Causes relate back to hydrographs: topography, vegetation, soil type, rock type, characteristics of drainage basin, velocity, urbanisation (paths, gutters, sewers, obstacles such as bridges), deforestation.
How are floods categorised?
The frequency is given by the number of events/magnitude over a given time period.
The magnitude is inversely proportional to frequency in a 1/x graph, meaning that as magnitude rises frequency falls
This is then used to find the recurrence interval to statistically determine the probability of flooding and its likely size, using (number of years on record+1/ranking of flood)
How are floods forecasted?
Weather satellites and radar forecasts, rainfall length estimates, snowpack melting, land use changes, information exchange between forecasters and countries, technology sharing.
Met office collaborate with EA to give warnings using stations and satellites into computer simulations and give warning codes according to risk.
Community preparedness - EA preparation in evacuation, sandbagging and emergency planning, moving furniture and belonging to upper floors, boats, storing emergency supplies.
EA advise gather essentials, get water, move family and pets upstairs, turn off gas and electricity, do not touch electricity sources, listen to radio, stay calm, avoid walking or driving in it.
Flood maps are made to determine areas at risk to zone areas and build in awareness of the risk - insurance
sand proofing - tiling, drains, blocked entrances/windows, sandbags, etc. It shows the extent to which areas are at risk to to flood from overflowing rivers, is updated every 15 minutes, taking into account defences and magnitude
This can then be used to naturally allow flood waters to submerge river floodplains through planning and control.
Catchement models used the CHZM modeller - software which predicts effects and flows.
What are the methods of hard engineering?
Dams: large concrete structures storing discharge in reservoirs to manage downstream.

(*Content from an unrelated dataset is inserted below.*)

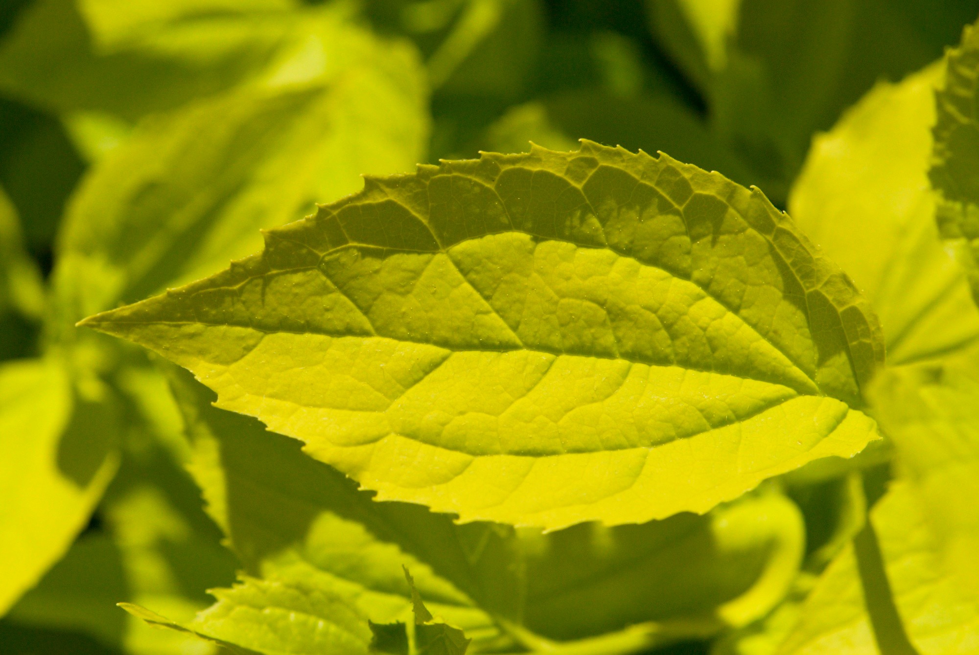 Philadelphus coronarius 'Aureus' - pustoryl věncový - list léto

Provides electricity, reduces flood risk, provides tourism, irrigation, industry, agriculture and recreation however they are expensive, hold silt and cause deposition, destroy ecosystems, relocate settlements from flooding.
Channelization: straightening/dredging the river to allow for more flow away from the area, increasing capacity and speed - may be done by smoothing banks to reduce friction. Often very expensive and can cause downstream flooding and erosion.
Embankments: raise banks to increase capacity and discharge, provide habitats if natural, safer however expensive, permanent, high maintenance and ugly
Raising buildings
Washlands/retention zones: areas allowed to flood naturally so it doesn’t damage property and less downstream damage. The land cannot be used and habitats may be lost during floods but also provides wide area for wildlife and recreation and is also cheap.
Flood relief channels are diverting water into channels away from the main course, increasing capacity of waterways able to hold the discharge and reduce the main river discharge. It creates new rivers, recreation and wildlife, reduces risk and causes less flooding. However, they are expensive, disturb wildlife, ugly and cause downstream flooding and erosion.
What are some soft engineering methods?
Floodplain zoning: no development on floodplains at risk so reduced damage to property. However, areas are usually already built on before knowing at risk.
Afforestation increases interception, infiltration, EVT and reduced runoff - takes time to mature and may need to be large scale projects
Wash lands aside river using floodplain zoning
Conservation - protecting existing channels and valleys so habitats and species are maintained as natural river giving place to go in flood and diversifying the area
Contouring flood plain to reduce surface runoff - mainly on farmland
Restoration - return rivers to original state before, providing there is environmental gain and consideration to the socioeconomic impact - improved river quality, sustainable management schemes working with nature.
Wetland and river conservation schemes - protect existing river channels and valleys
Forecasting floods and warnings
What are the impacts of flooding?
Death of people and animals
Damage to buildings, industry, farmland and infrastructure
Disruption of lives, homelessness or economics - jobs lost, unemployment. HICs tend to have higher costs of damages but less deaths.